REQUIRED ACTION:
Give again, word for word, the line holding "ドイツ北部ラウエンブルク。「" and every line after it through the end of the data below. Omit pictures.

-------- PROVIDED RECORDS --------

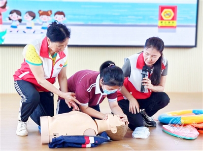 活动现场,志愿者向师生发放防溺水宣传手册,讲解员结合车埠镇水域特点,借助动画视频,详细讲解溺水风险行为、自救和救援知识,展示游泳安全器材使用方法,并重点强调了防溺水“七不两会”原则。在急救技能教学环节,讲解员借助模拟人道具,现场演示了心肺复苏术,分解动作要领,指导学生进行实操,让学生慢慢掌握急救技能。
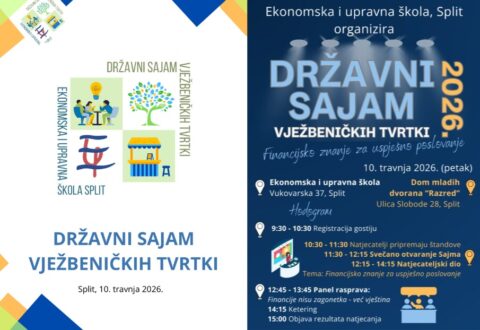 U organizaciji Ekonomske i upravne škole, Split, 10. travnja 2026. u Domu mladeži održan je Državni sajam vježbeničkih tvrtki iz cijele Hrvatske. Cjelodnevno događanje okupilo je učenike iz deset hrvatskih srednjih strukovnih škola ekonomskog usmjerenja koji su pod mentorstvom svojih nastavnika prezentirali tvrtke i proizvode razvijene u sklopu nastavnog predmeta Vježbenička tvrtka i predmeta struke tijekom srednjoškolskog strukovnog obrazovanja.
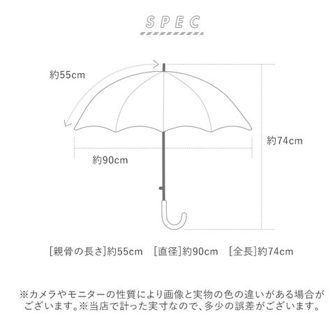 | サイズ | [親骨の長さ]約55cm [直径]約90cm [全長]約74cm ※サイズは当店平置き実寸サイズです。実際の商品とは多少の誤差が生じる場合がございます。あらかじめご了承ください。 |
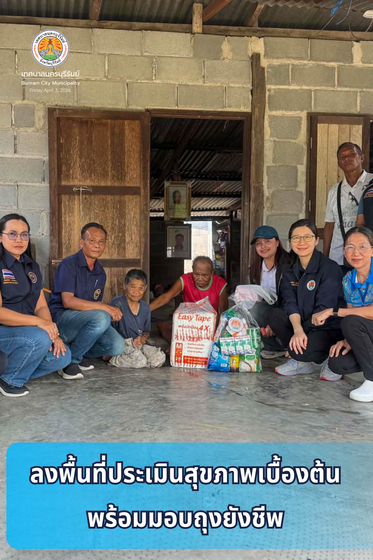 วันที่ 3 เมษายน 2569 นายอนุชิต เหลืองชัยศรี นายกเทศมนตรีนครบุรีรัมย์ มอบหมายให้ นายอุดม ขำชาลี เลขานุการนายกเทศมนตรีนครบุรีรัมย์ พร้อมด้วย สมาชิกสภาเทศบาล นางสาวภรภัทร สงวนสิน ผู้อำนวยการกองสวัสดิการสังคม พนักงานเจ้าหน้าที่กองสวัสดิการสังคมและกองสาธารณสุขและสิ่งแวดล้อมเทศบาลนครบุรีรัมย์ ลงพื้นที่ประเมินสุขภาพเบื้องต้นพร้อมมอบถุงยังชีพให้แก่ นายไหม ลิ้นทอง นางสาวละม่อม ลิ้นทอง ผู้พิการซึ่งประสบปัญหาทางสังคม ณ บ้านศิลาทอง ม.16 ต.เสม็ด
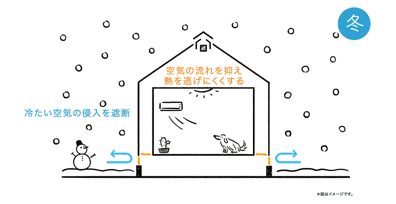 冬は通気口が閉じて断熱性が高まるため、冷気が入りにくくなります。
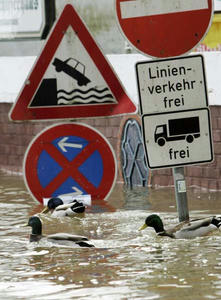ドイツ北部ラウエンブルク。「進入禁止」の交通標識をよそに、川のはんらんで水のあふれた道路の上を悠然と泳ぐ3羽のアヒル。雪解けなどによる増水で水位は記録的な高さまで上昇した
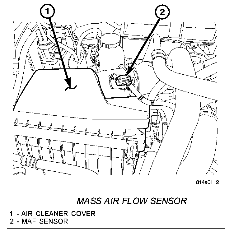 The Mass Air Flow (MAF) Sensor is located on the air cleaner cover. The MAF sensor uses semiconductor technology throughout, and is used to calculate the air mass flowing past it per time unit. This mass is important for determining the exhaust gas recirculation rate. The MAF sensor sends a corresponding signal to the ECM, which evaluates the signal to adjust the EGR air flow control valve.
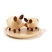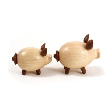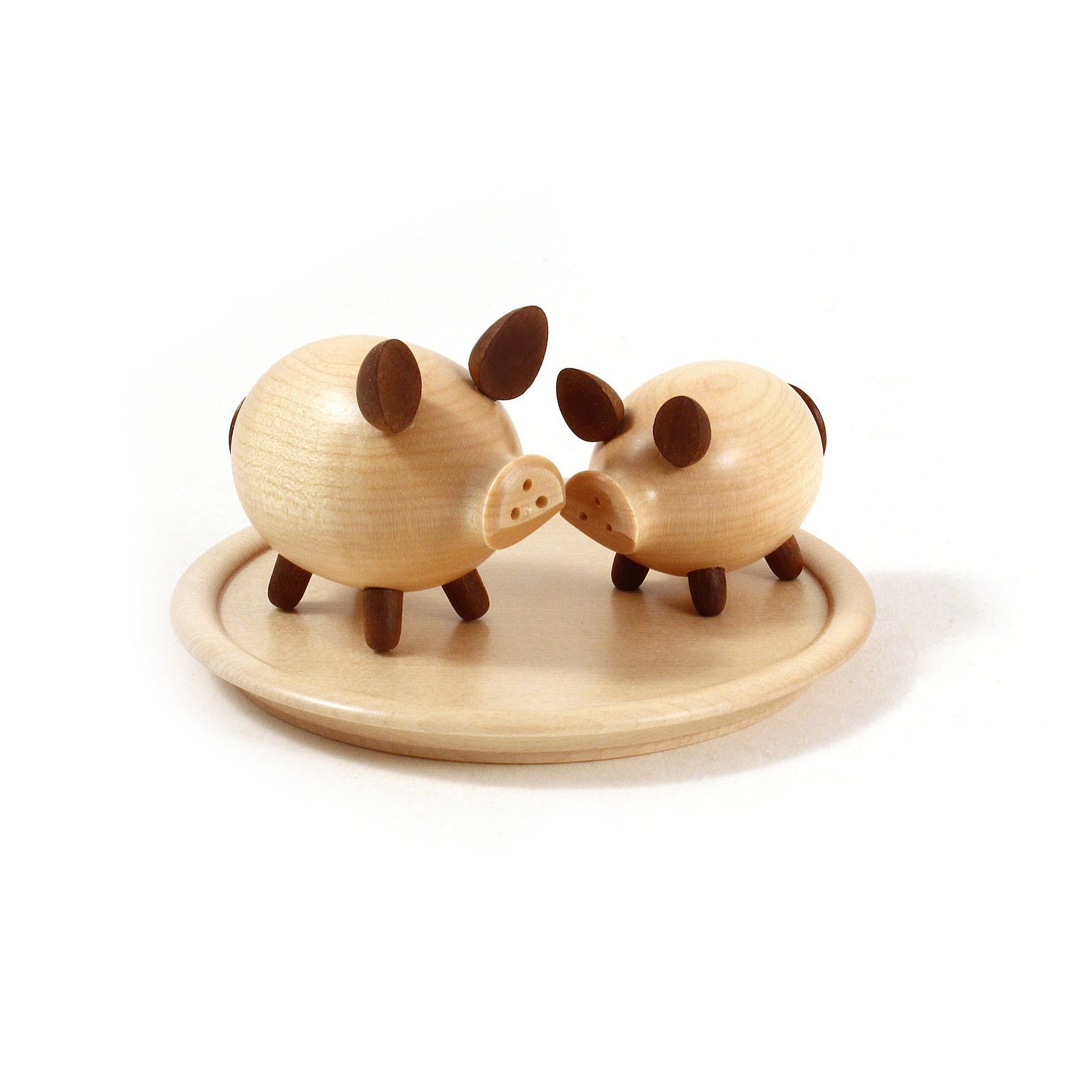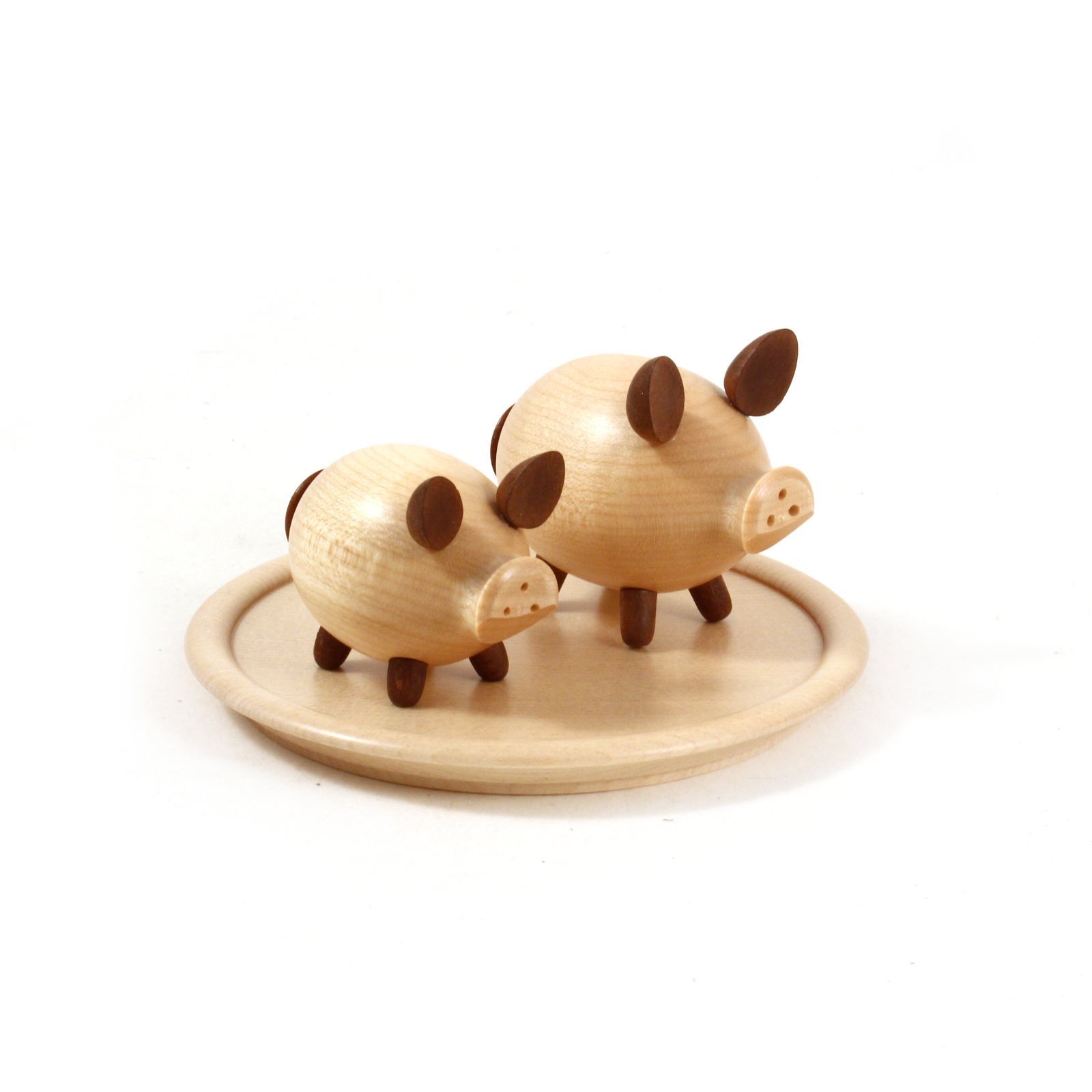 Die Schweinchengarnitur besteht aus einem Salz-und Pfefferstreuer sowie einem hölzernen Unterteller.

--------

RESPONSE BOX:
ドイツ北部ラウエンブルク。「進入禁止」の交通標識をよそに、川のはんらんで水のあふれた道路の上を悠然と泳ぐ3羽のアヒル。雪解けなどによる増水で水位は記録的な高さまで上昇した
 The Mass Air Flow (MAF) Sensor is located on the air cleaner cover. The MAF sensor uses semiconductor technology throughout, and is used to calculate the air mass flowing past it per time unit. This mass is important for determining the exhaust gas recirculation rate. The MAF sensor sends a corresponding signal to the ECM, which evaluates the signal to adjust the EGR air flow control valve.
 Die Schweinchengarnitur besteht aus einem Salz-und Pfefferstreuer sowie einem hölzernen Unterteller.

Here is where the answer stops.